Interesting stuff for a Thursday morning....
And interesting stuff from a Wednesday afternoon was this piece on Artificial Vision from the current Wired. It's so out there, it sounds like a bit of culture jamming, but it has enough "stuff" to support a belief in its veracity...
Pursuant to yesterday's posting of Lessig's talk (and some minorly related matters), I ran across this opinion piece by Ed Foster in Infoworld, regarding, of all things, ShrinkWrap licenses for books and other printed media.
When is too far, in fact, too far?
Coming later: responses to Mr Whybark's comments in yesterday's piece.
Leonard Lin (of random($foo) has done a great job of putting together a number of recordings from OSCon. But today he (and daypop will attest) outdid himself, linking together the presentation and audio of the keynote on copyright, open source and social responsibility given by Lawrence Lessig.
I've mirrored (removed - bandwidth!) a copy for use by those I know, hoping to defray some of the load from Leonard (though I believe he's got a redirect to Creative Commons available now).
It's a great speech, inspiring enough to push me over to make my small (and long intended) donation to EFF a reality. it's 31 minutes, about 9MB download, and a good use of your time - you'll learn and think, honest.

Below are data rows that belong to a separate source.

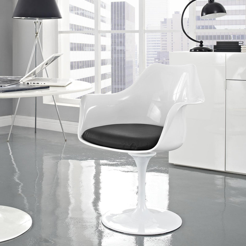 The Lippa Armchair adds the perfect modern classic touch to any dining space. Sturdy, easy to clean, and lovely to behold, these chairs elevate a meal to whole new levels of enjoyment. Available in an array of colors, the Lippa Chair makes it easy to express your individual style. Set Includes: One - Lippa Vinyl Dining Armchair ABS Plastic Seat Aluminum Base Vinyl Cushions Assembly Required Chair Swivels 360� Overall Product Dimensions: 23.5"L x 27"W x 33.5"H Seat Dimensions: 18.5"L x 19"W x 21"H Armrest Height: 26.5"H
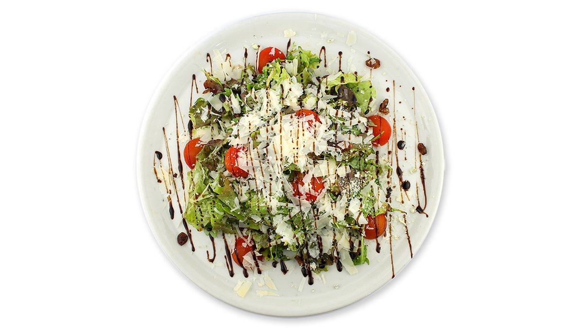 Mix zelenih salata, čeri, parmezan, krutoni, Cezar sos, redukovani aceto
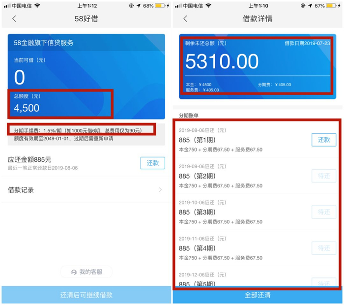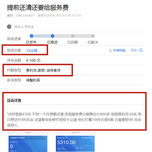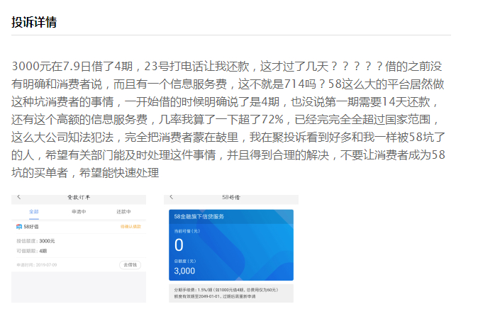这块韭菜地我们都不陌生,它就是我们熟悉的网络贷款。网络贷款看起来没什么稀奇,毕竟现在可以说是随处可见。但在58眼里,它好比风口上飞翔的猪,能宰一块肥肉是宰一块肥肉。只是58没想到,宰着宰着,它快把自己给宰倒了。 0158借钱一时爽,高额利息火葬场前几日,自媒体独角金融曝光了58同城的一宗投诉: 7月31日,邓先生在58同城旗下的金融产品“58好借”上借了4500块,不到一个月想要还清,却发现他要连本带利还给“58好借”5310元。然而,邓先生记得非常清楚——借钱的时候,58好借的宣传页面显示,1000元借款,分6期,分期手续费率1.5%/期,总手续费仅需90元。

I keep running across these visualisation applications for collaborative networks (links between livejournal users, cross links between weblogs, the recent weblog genealogy project. Tonight it's GradeAIM, a project by a couple of guys at UIUC to divine the six degrees of seperation between uploaded members of AIM buddy lists.
Unfortunately, the GradeAIM Site is refusing connections at this time. Nonetheless, from the blurry image, it looks like an interesting idea.
note: originally found cited at Vacuum
Boy, I thought the elections of 2000 seemed a bit wonky. I guess I just hadn't recognised the scope of the problem. I mean, as a moderate, I feel we can talk to Trent Lott, Dick Armey, Hastert et al. and make some headway.... But this? I'm just not sure.....
obviously, copyright the New York Times
A few days (well, weeks) ago I mentioned that Andy Lester had resurfaced in my line of vision. I just this week finally twigged (been reading Rael Dornfest's log, the language wore off on me...) to the fact that Andy has a journal at use.perl.org. Very keen, geekily delicious.
Anne and I periodically collect typographical errors we see on signs and other places. It's the English major in us (or maybe a cruel streak). See Anne's Dressings sign, for example.
Unfortunately, we haven't seen this one. But oy.
So I'm picking up my dry-cleaning today from our local establishment, and as it happens, I pick up the Reader as well. Well, what am I faced with, to my surprise, but the masthead below:
Yes folks, that's Dale Lawrence, of the Gizmos and of the Vulgar Boatmen. He's made a nice side-career to his songwriter-excellence as a writer - a book about travelling the byways of Indiana for High School basketball, for example.
And what is he writing about, but MashUps, or Bootlegs, or whatever the media wants to call them, including a citation of our friend Mark "ECC" Gunderson. Those wacky combination songs that can lead to praise or litigation (and in some cases both in proportion).
Too much of a small world, to be certain.